Data to examine:
|---|
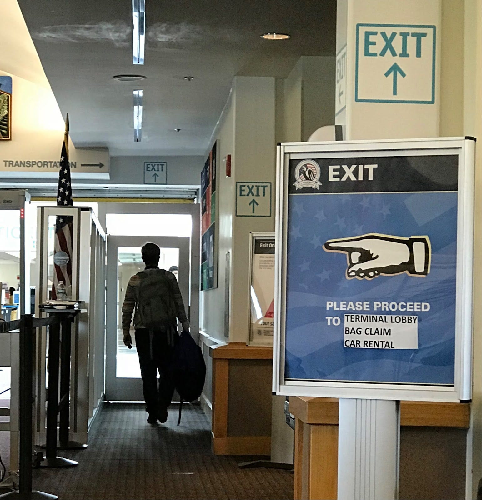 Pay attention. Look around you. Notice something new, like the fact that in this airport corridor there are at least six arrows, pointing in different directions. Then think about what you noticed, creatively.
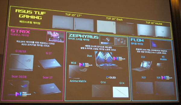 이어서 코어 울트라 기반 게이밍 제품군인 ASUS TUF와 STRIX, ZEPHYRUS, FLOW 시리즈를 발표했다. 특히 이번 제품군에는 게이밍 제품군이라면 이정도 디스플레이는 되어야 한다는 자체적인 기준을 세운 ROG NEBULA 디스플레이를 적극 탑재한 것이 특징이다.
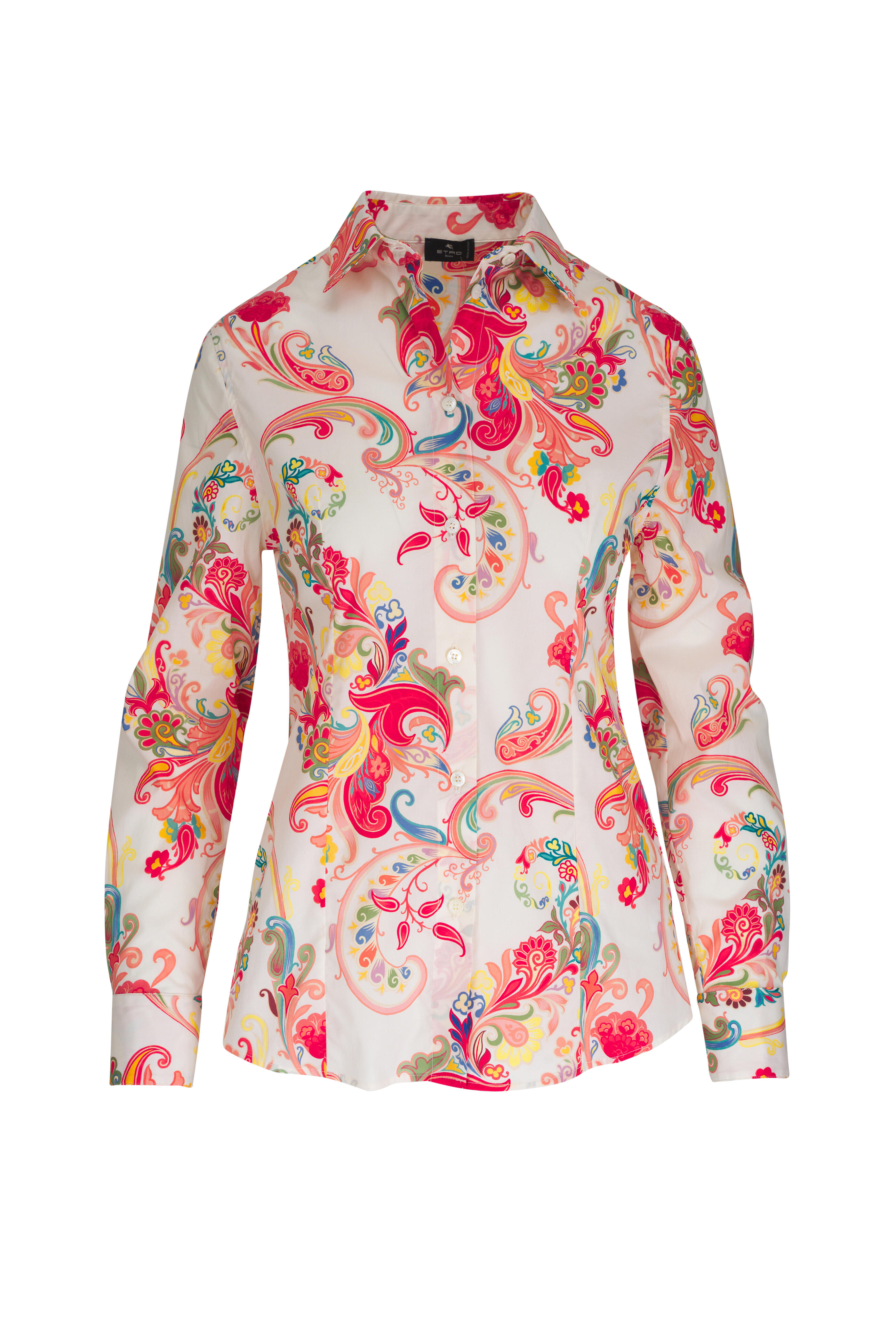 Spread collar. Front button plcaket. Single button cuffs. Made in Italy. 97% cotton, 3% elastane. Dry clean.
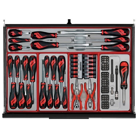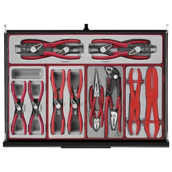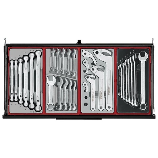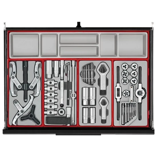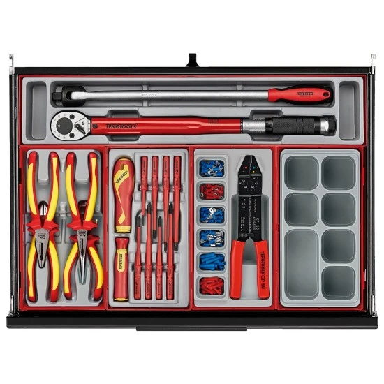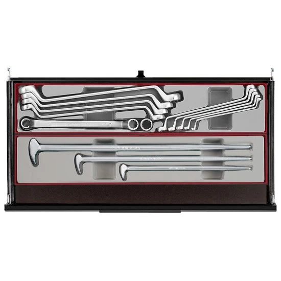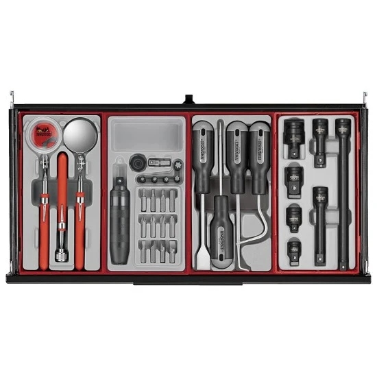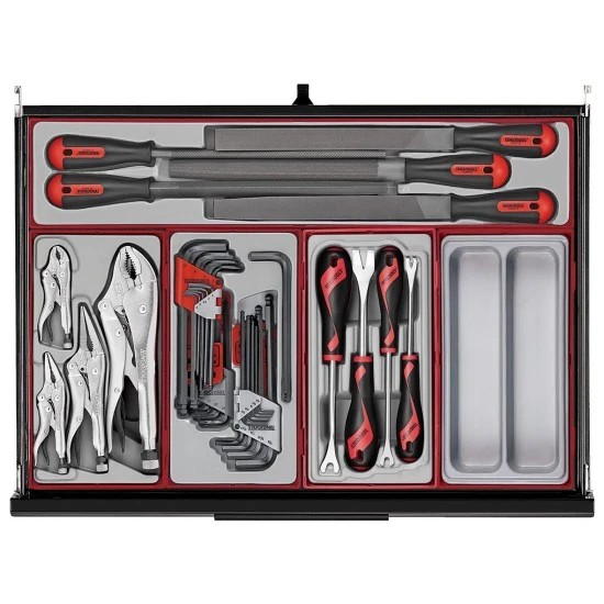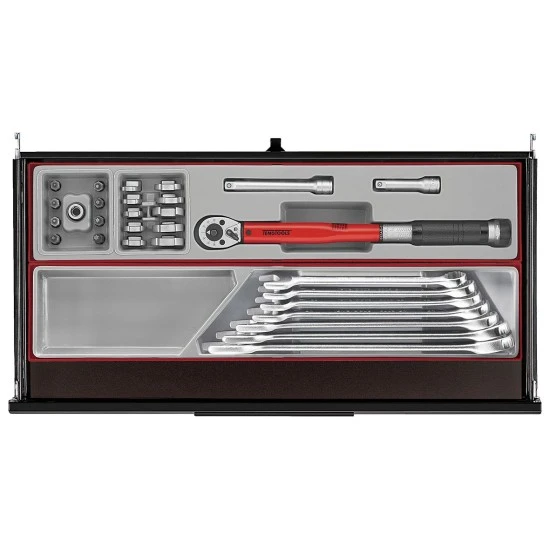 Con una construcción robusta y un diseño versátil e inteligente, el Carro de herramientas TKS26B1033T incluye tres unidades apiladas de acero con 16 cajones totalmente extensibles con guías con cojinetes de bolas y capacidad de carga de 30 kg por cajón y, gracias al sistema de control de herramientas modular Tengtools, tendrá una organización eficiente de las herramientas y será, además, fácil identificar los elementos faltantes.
|---|
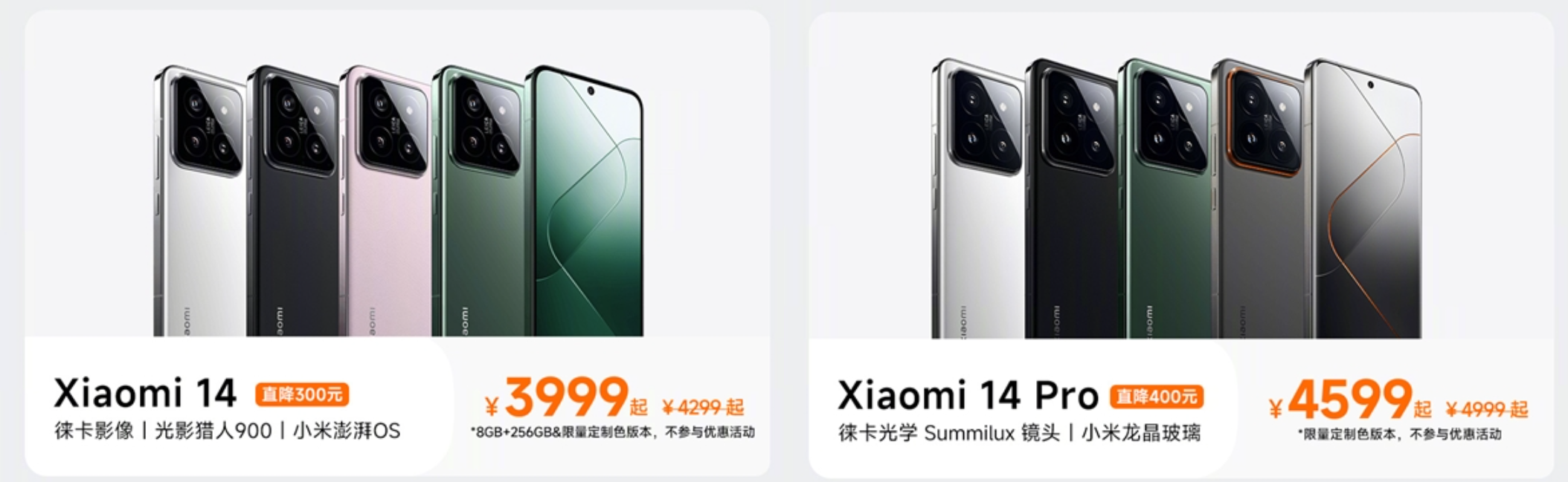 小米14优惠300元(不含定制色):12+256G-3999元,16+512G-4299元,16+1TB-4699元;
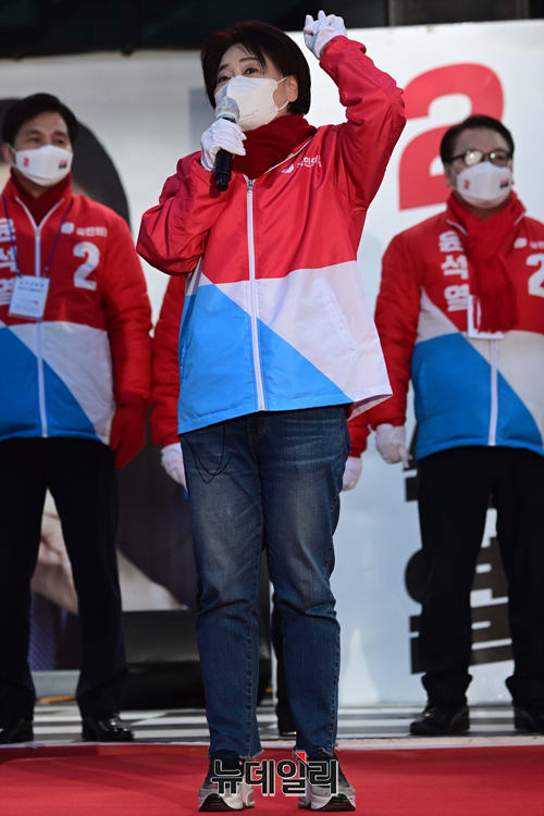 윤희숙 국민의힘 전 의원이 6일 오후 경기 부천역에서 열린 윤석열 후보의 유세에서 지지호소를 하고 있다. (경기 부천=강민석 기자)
|---|
Brief: Range to copy from the listing above: the line with "Pay attention. Look" through the line with "Con una construcción". Transcribe it exactly and skip the pictures.

Reply:
 Pay attention. Look around you. Notice something new, like the fact that in this airport corridor there are at least six arrows, pointing in different directions. Then think about what you noticed, creatively.
 이어서 코어 울트라 기반 게이밍 제품군인 ASUS TUF와 STRIX, ZEPHYRUS, FLOW 시리즈를 발표했다. 특히 이번 제품군에는 게이밍 제품군이라면 이정도 디스플레이는 되어야 한다는 자체적인 기준을 세운 ROG NEBULA 디스플레이를 적극 탑재한 것이 특징이다.
 Spread collar. Front button plcaket. Single button cuffs. Made in Italy. 97% cotton, 3% elastane. Dry clean.
 Con una construcción robusta y un diseño versátil e inteligente, el Carro de herramientas TKS26B1033T incluye tres unidades apiladas de acero con 16 cajones totalmente extensibles con guías con cojinetes de bolas y capacidad de carga de 30 kg por cajón y, gracias al sistema de control de herramientas modular Tengtools, tendrá una organización eficiente de las herramientas y será, además, fácil identificar los elementos faltantes.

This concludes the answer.